Prove that if $y'=f(x,y),y(x_0)=y_0$ is invariant under the transformation $(x,y) \mapsto (-x,-y)$, then $y(-x)=-y(x)$ provided the existence How to make a clear justification for the proposition:
If $y'=f(x,y),y(x_0)=y_0$ is invariant under the transformation $(x,y) \mapsto  (-x,-y)$, then $y(-x)=-y(x)$ provided the existence of solution.
For instance, $u(x)=-y(-x)$ can also satisfy the ODE $z'(x)=z(x)^2,~z(x_0)=z_0$, but how it is necessary whenever the ODE is invariant under $(x,y) \mapsto  (-x,-y)$?
 A: Assuming that the transformation is in the sense that the original initial condition $y(x_0)=y_0$ is transformed into $-y(-x_0)=-y_0$ the statement is not true. Consider the ODE $y'(x)=0, y(0)=1$ is invariant under the transformation, but its solution $y(x)=1$ is not an odd function. This is the case regardless of whether $y'(x)$ is transformed into $-y'(-x)$ or into
$$
  \frac{\partial}{\partial x} (-y)(-x) = -\frac{\partial}{\partial x} (y)(-x) = y'(-x),
$$
so the contra-example is valid under both interpretations of symmetry.
If the transformation was in the sense that the initial condition $y(x_0)=y_0$ is transformed into $-y(-x_0)=y_0$, then the statement would fail for other reasons as well. For example the ODE $y'(x)=y^2(x)$ and $y'(x)=y^3(x)$ (each of which is symmetric in one of the sense) has solution trajectories for each initial conditions that are not odd functions.
A: This statement is correct if the full IVP is symmetric in this sense.

*

*As the initial time is invariant under sign change, $x_0=0$ follows.

*As the initial value is invariant under sign change, $y_0=0$ follows.

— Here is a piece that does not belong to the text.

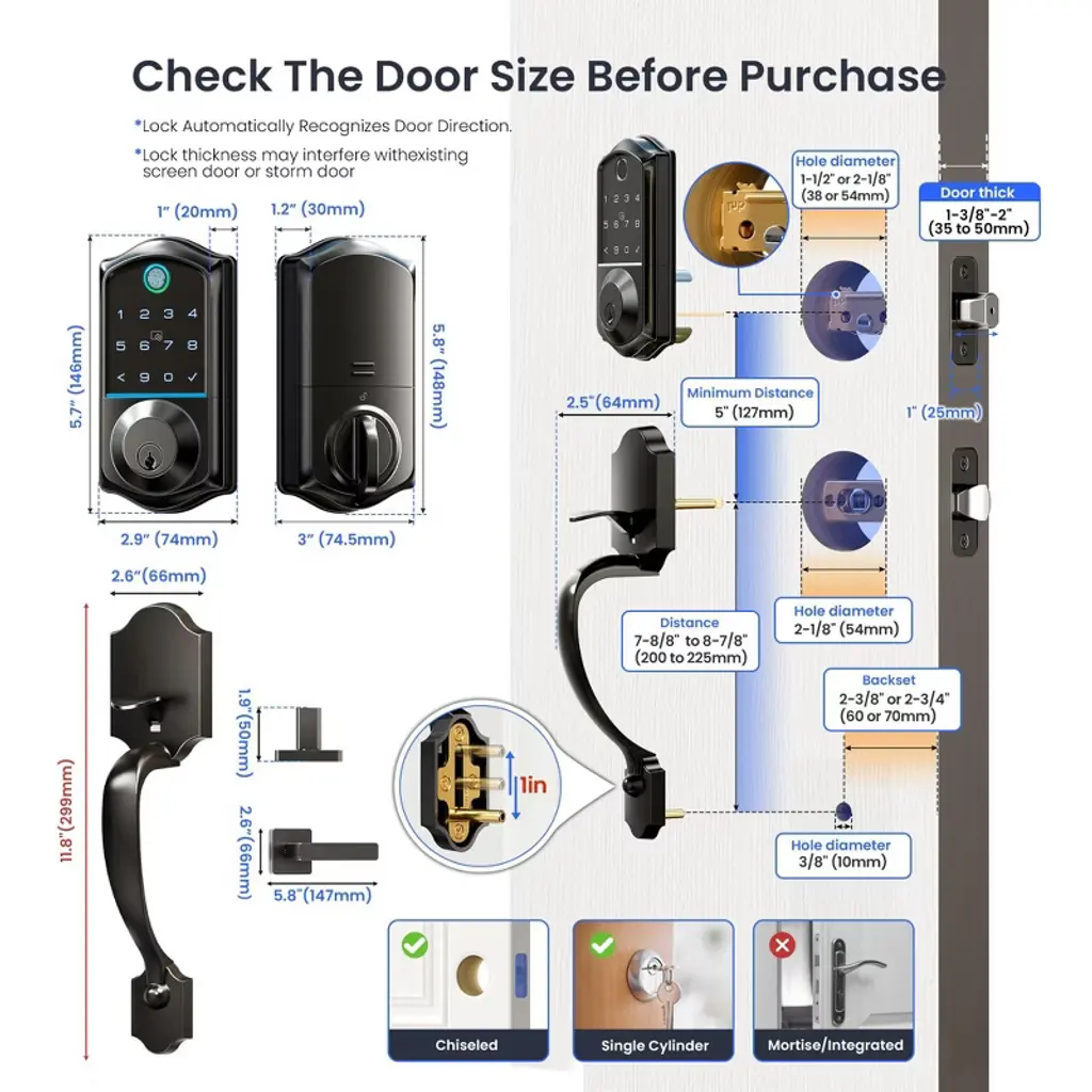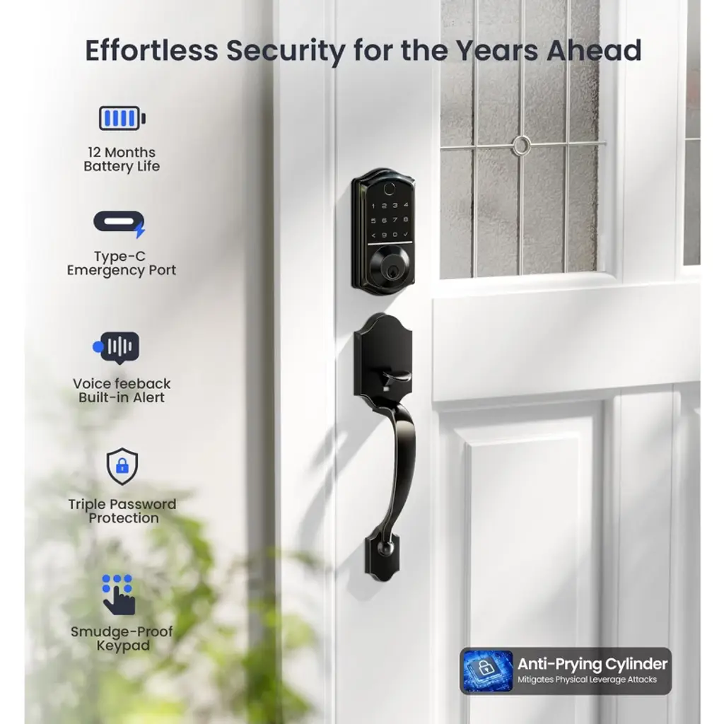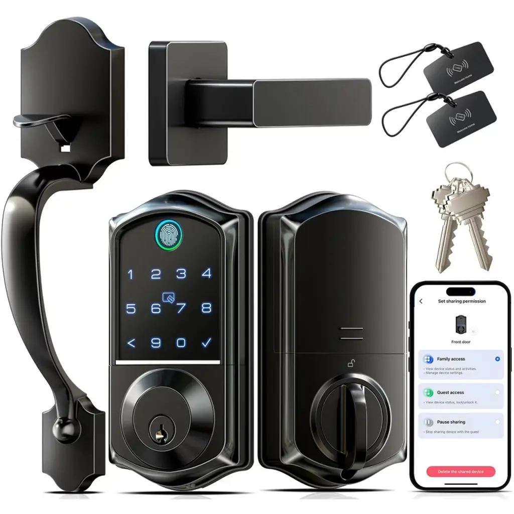 Itopfox Smart Front Door Lock Set With Fingerprint, App Control, Keyless Entry Deadbolt, Handle, Touchscreen Keypad, Auto Lock, Emergency Power Port

In consequence, for $z(x)=-y(-x)$, it follows that
$$
z'(x)=y'(-x)=f(-x,y(-x))=f(-x,-z(x))=f(x,z(x))
$$
so that $z$ is another solution to the same IVP, so from uniqueness it follows that $z=y$ or $y(-x)=-y(x)$.
In the mentioned examples $y'=y^m$, the solution through the origin is always the zero-function, so that the symmetry is trivial.
As another example, the solution of $y'=x^2+y^2$ through the origin is a non-trivial odd function. The same goes for $y'=1+y^2$.